Rolling two dice: different probabilities

Question

Today my professor said that if I roll two identical dice at the same time then there will be $21$ outcomes and the probability of getting sum of $7$ is $1/7$: \begin{array}{c c c c c c} \{1,1\}, & \{1,2\}, & \{1,3\}, & \{1,4\}, & \{1,5\}, & \{1,6\},\\ & \{2,2\}, & \{2,3\}, & \{2,4\}, & \{2,5\}, & \{2,6\},\\ & & \{3,3\}, & \{3,4\}, & \{3,5\}, & \{3,6\},\\ & & & \{4,4\}, & \{4,5\}, & \{4,6\},\\ & & & & \{5,5\}, & \{5,6\},\\ & & & & & \{6,6\} \end{array}

but when I roll two different dice, then the probability of getting sum of 7 is $1/6$ \begin{array}{c c c c c c} (1,1) & (1,2) & (1,3) & (1,4) & (1,5) & (1,6)\\ (2,1) & (2,2) & (2,3) & (2,4) & (2,5) & (2,6)\\ (3,1) & (3,2) & (3,3) & (3,4) & (3,5) & (3,6)\\ (4,1) & (4,2) & (4,3) & (4,4) & (4,5) & (4,6)\\ (5,1) & (5,2) & (5,3) & (5,4) & (5,5) & (5,6)\\ (6,1) & (6,2) & (6,3) & (6,4) & (6,5) & (6,6) \end{array}

How this is possible?

Answer 1

If you roll two identical dies, there are 21 outcomes, but they have different probabilities: probability to get $(1, 1)$ (or any outcome with the same numbers on both dies) is $\frac{1}{36}$, but probability to get $(1, 3)$ (or any outcome with different numbers) is $\frac{2}{36}$. So correct answer for two identical dies is $P((1, 6)) + P((2, 5)) + P((3, 4)) = \frac{6}{36} = \frac{1}{6}$ too.

Just having set of $n$ outcomes doesn't mean any outcome has probability of $\frac{1}{n}$.

Answer 2

If you roll two dice then there are $6*6=36$ possible outcomes.

6 of those outcomes add up to 7.

So yes , the probability of rolling the sum of 7 is $\frac{6}{36}=\frac{1}{6}$

But in your first statement you considered $(2,1)$ and $(1,2)$ as one outcome.
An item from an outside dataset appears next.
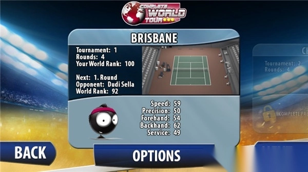 让你有种在全世界打巡回赛的赶脚(好吧,应该是我想太多)。游戏中对于对手方面也是可以选择的,你可以根据自己的实际能力去寻找简单、一般、高手三个难度的对手,当然,如果你连简单的对手都打不过的话,你就只能承认跟方块君一样,是个手残玩家了。此外,游戏中的比赛回合制度也是由你来决定的,有没有万事皆有我掌控的感觉

These are Different possible outcomes. If you consider those as one outcome then there are 21 possible outcomes. In other words, there are 21 different possible number combinations that the dice could show. But in reality you must treat these separately to calculate probabilities.

Answer 3

The second situation is easiest, so let's start there. In the second situation, you throw two six-sided dice. There are 6*6=36 different outcomes (for example [1,6] and [6,1] are two different outcomes), and six of them have a sum of 7. So 6/36 = 1/6 outcomes have a sum of 7, as you said.
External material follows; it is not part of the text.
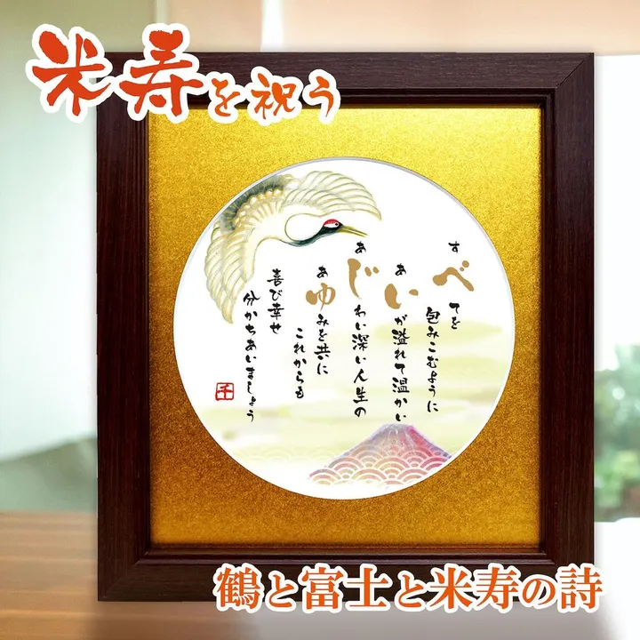 【詩絵(うたえ)】米寿祝い おめでたい鶴と富士山のイラストとポエム 詩 お祝い ギフト 贈り物 プレゼント 88歳 誕生日プレゼント 感謝の言葉 詩入り 金色マット

In the first situation, the situation is unusual. Instead of picking out of the 6*6=36 different outcomes, you're supposed to pick from the set of outcomes where you can't tell the difference between the two dice. That is, [1,6] and [6,1] are considered to be the same event.
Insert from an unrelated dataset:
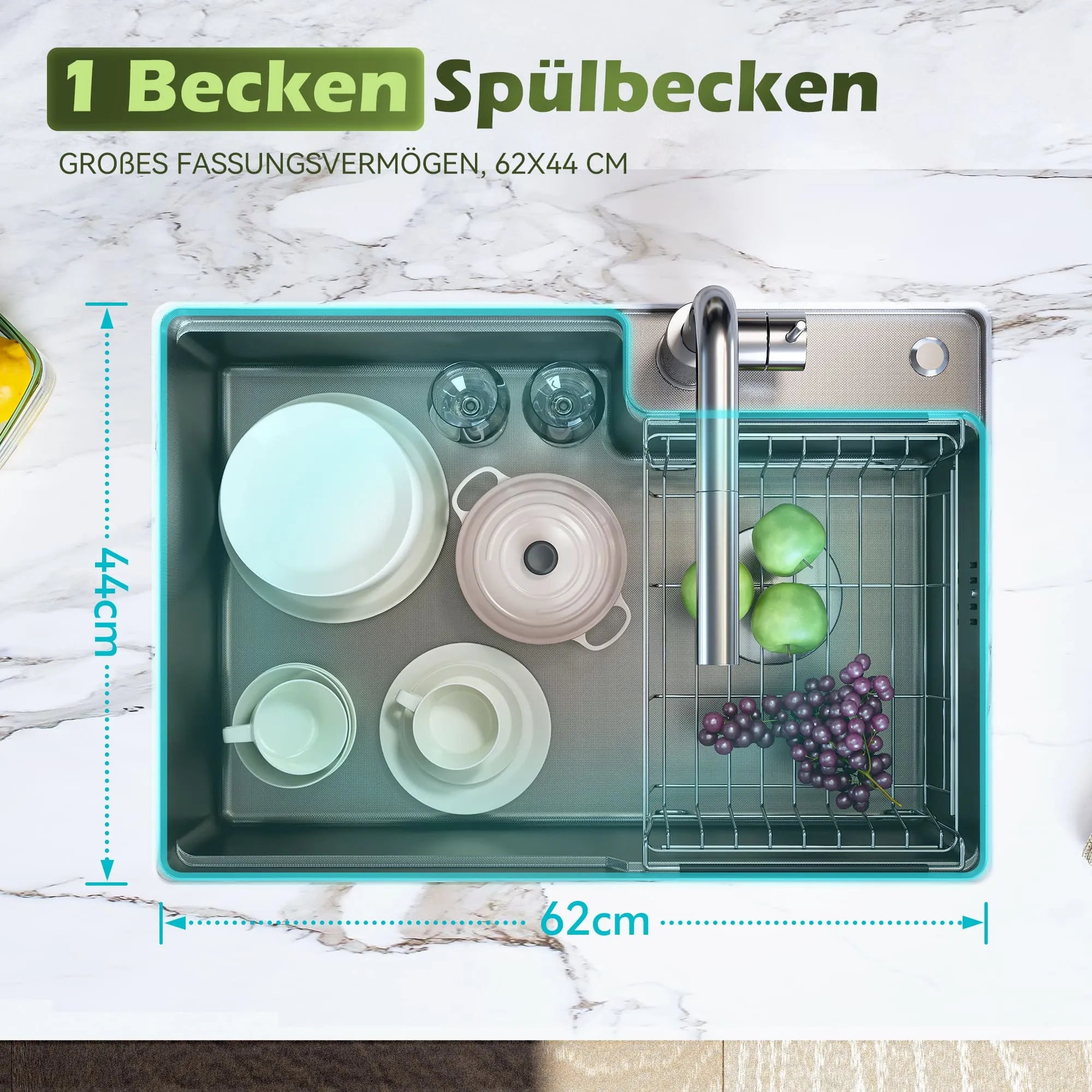 Mit Maßen von 62×44×20 cm und einer Beckentiefe von 19 cm bietet die Spüle viel Platz zum Spülen und Einweichen von großen Pfannen, Töpfen und Backgeschirr. - Hochwertiger 304-Edelstahl:

There are 21 different pairings in this case (not 23?): {1,1} ... {1,6}, {2,2}, ..., {2,6}, {3,3},...{3,6}, ..., ..., {5,6}, {6,6}. In the physically realistic case, the probability of each pairing is not the same. For example, when rolling dice it's twice as likely to get {2,4} than to get {3,3} because there are two of the 36 outcomes yield {2,4} and only one yields {3,3}. In a physically unrealistic case, you can imagine a model where you choose one of these pairings uniformly at random. There are only three of those {1,6}, {2,5}, {3,4}, so the chances of getting a sum of 7 are 3/21 = 1/7 in this physically unrealistic case.